The former finance director of a private Huntington Beach elementary school was sentenced Thursday to nearly 3 1/2 years behind bars for embezzling more than $2 million to pay for Angels season tickets, vacations to Europe, golf club memberships and other personal expenses.

Homepage photo from Pegasus School in Huntington Beach. Image via thepegasusschool.org
Homepage photo from Pegasus School in Huntington Beach. Image via thepegasusschool.org

Ricardo Nieva, 49, of Trabuco Canyon was ordered to serve 41 months in federal prison, pay restitution of about $2 million to Pegasus School, and serve three years of supervised release after he gets out of prison.

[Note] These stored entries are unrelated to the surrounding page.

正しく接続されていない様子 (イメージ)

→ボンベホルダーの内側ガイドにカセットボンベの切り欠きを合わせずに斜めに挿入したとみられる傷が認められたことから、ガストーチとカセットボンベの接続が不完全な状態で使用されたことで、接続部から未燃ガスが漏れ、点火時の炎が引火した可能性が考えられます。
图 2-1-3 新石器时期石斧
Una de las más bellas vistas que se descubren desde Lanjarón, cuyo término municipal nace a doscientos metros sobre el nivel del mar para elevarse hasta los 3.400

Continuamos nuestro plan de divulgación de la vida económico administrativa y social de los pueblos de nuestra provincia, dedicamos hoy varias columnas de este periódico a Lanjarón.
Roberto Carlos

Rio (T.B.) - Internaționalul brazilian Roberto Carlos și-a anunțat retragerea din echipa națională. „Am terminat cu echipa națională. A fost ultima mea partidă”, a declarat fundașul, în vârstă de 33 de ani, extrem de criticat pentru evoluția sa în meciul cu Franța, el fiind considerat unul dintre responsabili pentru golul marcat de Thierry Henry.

“He could’ve destroyed the school completely,” Mike Smith, vice chairman of the school’s board of trustees, told the court.

“Money that could’ve been used to improve our educational program went to cars, jewelry, trips … he even paid for his own kids’ private school educations,” Smith said.

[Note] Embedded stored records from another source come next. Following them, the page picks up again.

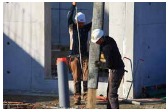
A travers les investissements qu'elle réalise dans les lycées, la Région Bretagne est créatrice d'emplois locaux.

Débuté en 2020 et prévu jusqu'à l'été 2024, le chantier -ou plutôt devrait-on parler des chantiers- mobilise dans leur très grande majorité des entreprises finistériennes ou costarmoricaines. Qu'il s'agisse du gros œuvre, de la voirie et des réseaux, de la maçon-
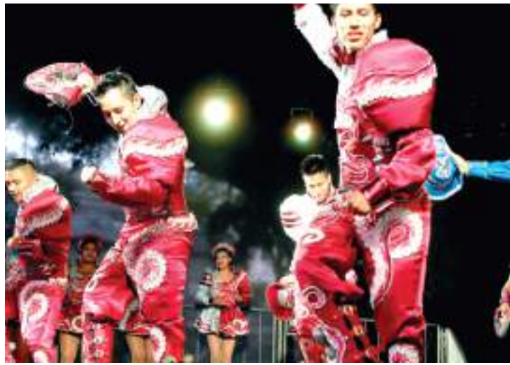
Entrada do evento é 1kg de alimento não perecível, exceto sal

Outro destaque está no palco montado nos jardins do Museu, que será ocupado por grupos de música e dança de diferentes países. A cada dia, cerca de 17
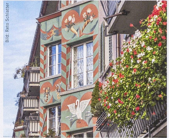
Leben in der Natur an der Siedlung Sihlfeld in Zürich.
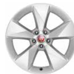
18" mit 5 Speichen (Style 5048)
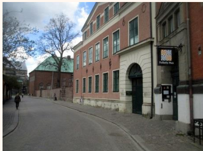
Platsen där Svartbrödraklostret fanns tidigare.

På tomten som dominikanerna tilldelades uppförde de ett stort fyrårigt kloster som helgades åt Sankta Maria Magdalena med en klosterkyrka som helgades åt Jesus mor, jungfru Maria. Bland allmänheten i Lund blev det känt som Svartbrödraklostret .
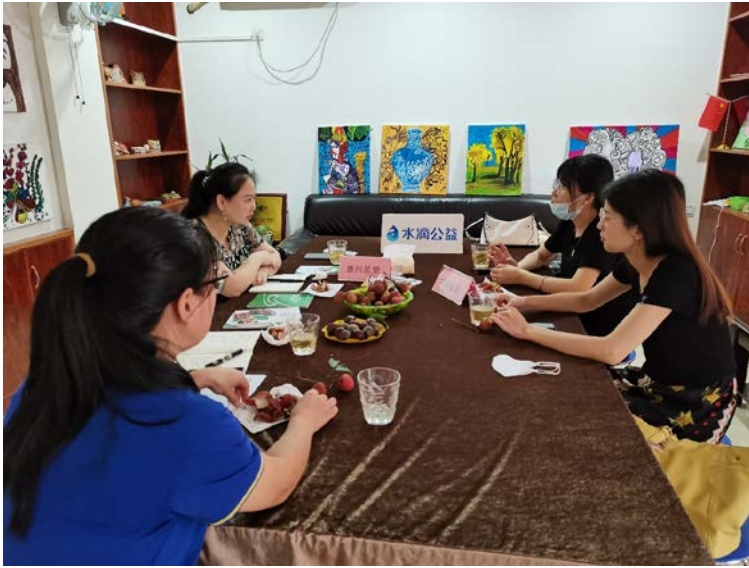
家长们在畅谈就业话题
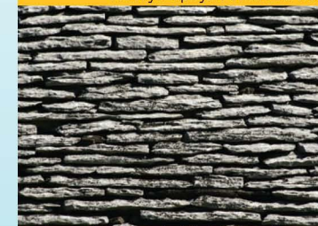
Cerkev sv. Vida - ena največjih skratih streh Evrope
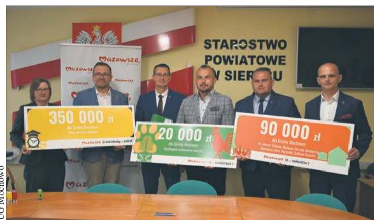
Gmina Mochowo otrzymała środki na realizację 4 projektów
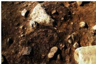
S11087 炉1・2検出状況(南から)
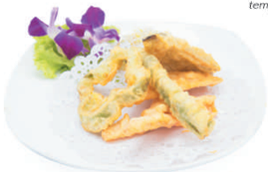
34. YASAI TEMPURA
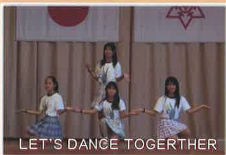
LET'S DANCE TOGETHER
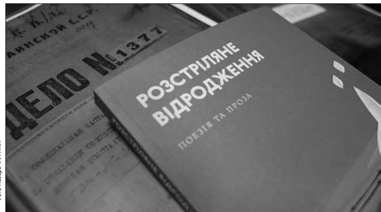
Книга звертає увагу на драматичні долі письменників «розстріляного відродження», досьє КДБ на яких нещодавно стало доступним в архівах

хівів КДБ. Видавництво «Основи» отримало дозвіл на роботу з досьє майже на усіх письменників «розстріляного відродження». Важко уявити, але їх «закладали» псевдодрузі, переказуючи спецслужбам відверті кухонні розмови. І диву даєшся, як Остапу Вишні вдалося писати гумористичні твори, коли він постійно чекав на арешт. Ці матеріали незабаром обіцяють представити у медійних проектах ■
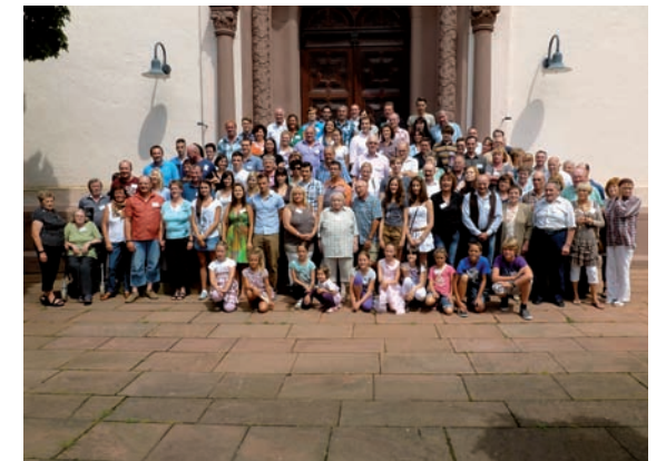
„Verwandte der Schindler-Familie vor der Kirche“
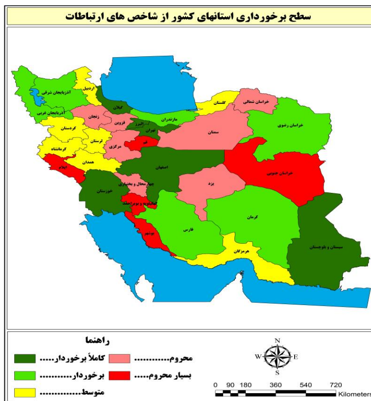
شکل 2. سطح برخورداری استانهای کشور از شاخص های ارتباطات
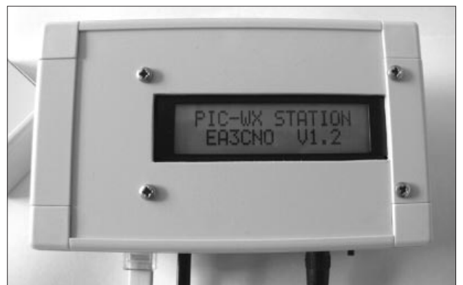
Figura 2. Estación montada y terminada, con la opción de sensores exteriores.

El sensor de presión atmosférica está montado en la placa base de la estación, puesto que esta medida barométrica es coincidente, tanto en el interior como en el exterior.

Nieva was the business manager at Pegasus School for nearly 20 years until his resignation in September 2013.

From the end of 2006 to May 2013, he cashed about 250 checks payable to himself, according to his plea agreement. Nieva also spent the school’s cash on an Arizona timeshare, mortgage payments, home improvement projects, restaurants, shopping, sports camps for his two children and college savings plans.

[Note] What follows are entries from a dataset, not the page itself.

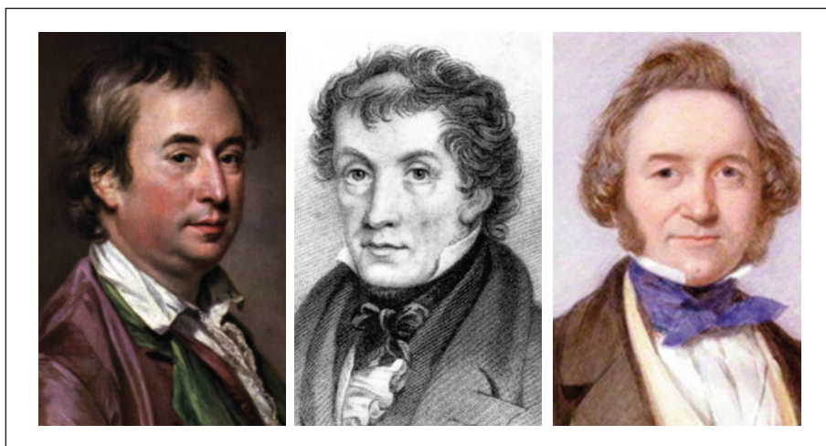
FIGURA 2. Paisatgistes anglesos que van introduir les noves modes jardineres del segle XIX en les quals es prioritzava l'ús de les plantes exòtiques en els jardins (d'esquerra a dreta): William Chambers, John Claudius Loudon i Joseph Paxton

Les primeres exposicions universals (Londres, 1851; París, 1855, i d'altres) també van marcar tendència en l'ús de rareses botàniques en jardineria. És força interessant la història del disseny de l'estructura del Crystal Palace, seu de la primera Exposició Universal, a Londres. Va ser dissenyat pel mateix Paxton, que es va inspirar en el revers de les fulles de nenúfar gegant (Pueyo, 2015).
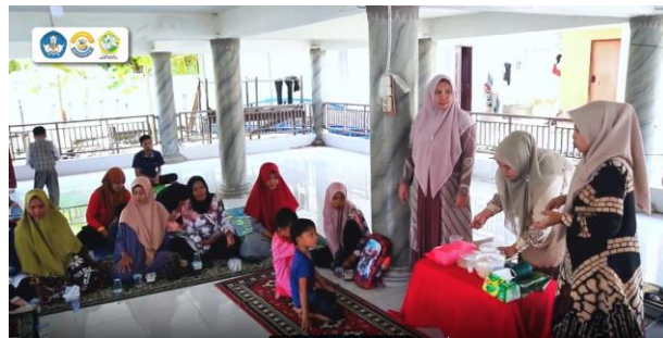
Gambar 4. Penyuluhan tentang kerupuk ikan bulan

Setiap metode memiliki peran penting, seperti video animasi yang memudahkan penyerapan pengetahuan masyarakat pesisir tentang pemanfaatan pangan lokal dalam pembuatan Kerupuk Ikan Bulan. Booklet memberikan informasi secara detail dan jelas, serta membantu memelihara pengetahuan masyarakat tentang cara mengolah menu Snack Kerupuk Ikan Bulan Bergizi dengan bahan utama pangan lokal. Poster memberikan persuasi dan informasi melalui kombinasi bahasa dan gambar yang menarik. Tujuan pendidikan kesehatan adalah untuk meningkatkan pengetahuan masyarakat di bidang kesehatan, mencapai perubahan perilaku, individu, keluarga, dan masyarakat sebagai sasaran utama pendidikan kesehatan dalam membina perilaku sehat dan lingkungan sehat serta berperan aktif dalam upaya peningkatan derajat kesehatan yang optimal sesuai dengan konsep kesehatan sehingga dapat menurunkan angka kesakitan dan kematian (Notoatmodjo, 2018).
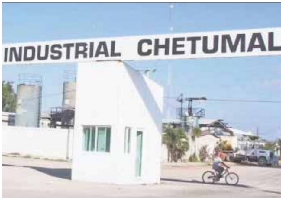
El parque industrial de la capital no tiene fondos para su primera etapa y ha sido aplazado varias veces; los empresarios se quejan.

Chetumal.- El nuevo recinto fiscalizador proyectado en la Zona Sur de Quintana Roo sigue sin ni convencer a los empresarios locales, ya que no hay información sobre el Plan Maestro y mucho menos los incentivos que puedan motivar a invertir en este proyecto gubernamental.
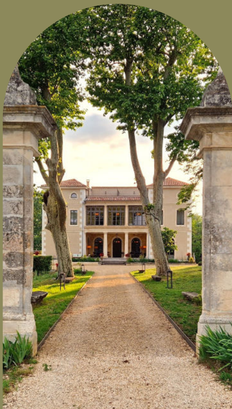
HÔTEL VILLA WALBAUM**** VALLON-PONT-D'ARC
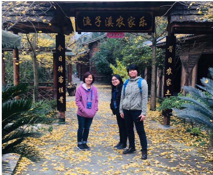
รูปที่ 1 คณะเจ้าหน้าที่จากกรมทรัพยากรธรณี ประเทศไทย
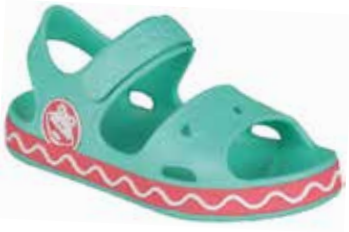
FOBEE MINT/NEW ROUGE 8852-407-3942A 8851-407-3942A

rozmiary: 21/22-28/29 29/30-34/35 4-4-4-4-4 4-4-4-4-4
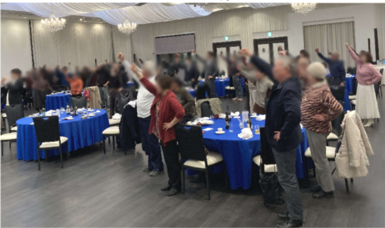
今年も一年 みんなで「団結ガンパロー！」
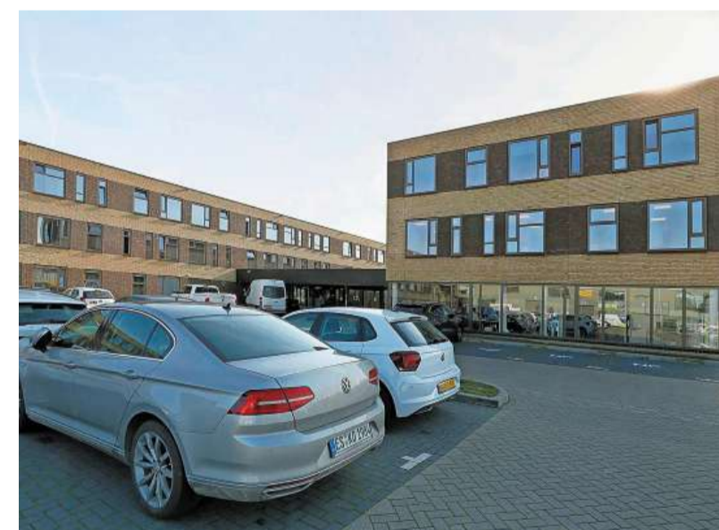
Het Logiescentrum op Agriport.

„ Ik vind de vorm ook goed, een carrévorm met in het midden plek om buiten te recreëren. Op die manier heeft de omgeving er geen last van als bewoners zich buiten vermaken
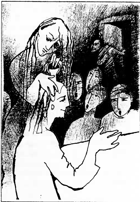
Ilustrace: Barbora Veselá

Skromný rozsah dubnového Zpravodaje nás může více soustředit na velikonoční evangelium v biblickém úvodníku a několika připojených citátech.
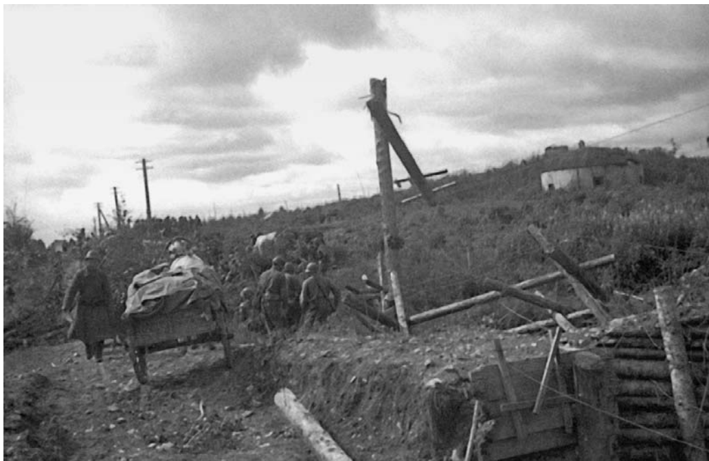
Подразделения 165-го стрелкового полка занимают приграничный опорный пункт японцев на Южном Сахалине — полицейский пост Хандаса
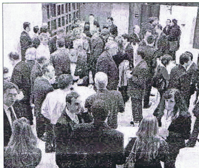
Nakon službenih izlaganja vremena je bilo za razgovore i sklapanje novih kontakata

In a brief statement, Nieva apologized for “betraying people at the school” and hurting his own family.

U.S. District Judge Dean D. Pregerson said he has presided over many similar fraud and theft cases.

“In the spectrum of human failings, some people just do bad things and it’s really hard to detect them,” the judge said, telling Smith that the school won “a reverse lottery” when it employed Nieva.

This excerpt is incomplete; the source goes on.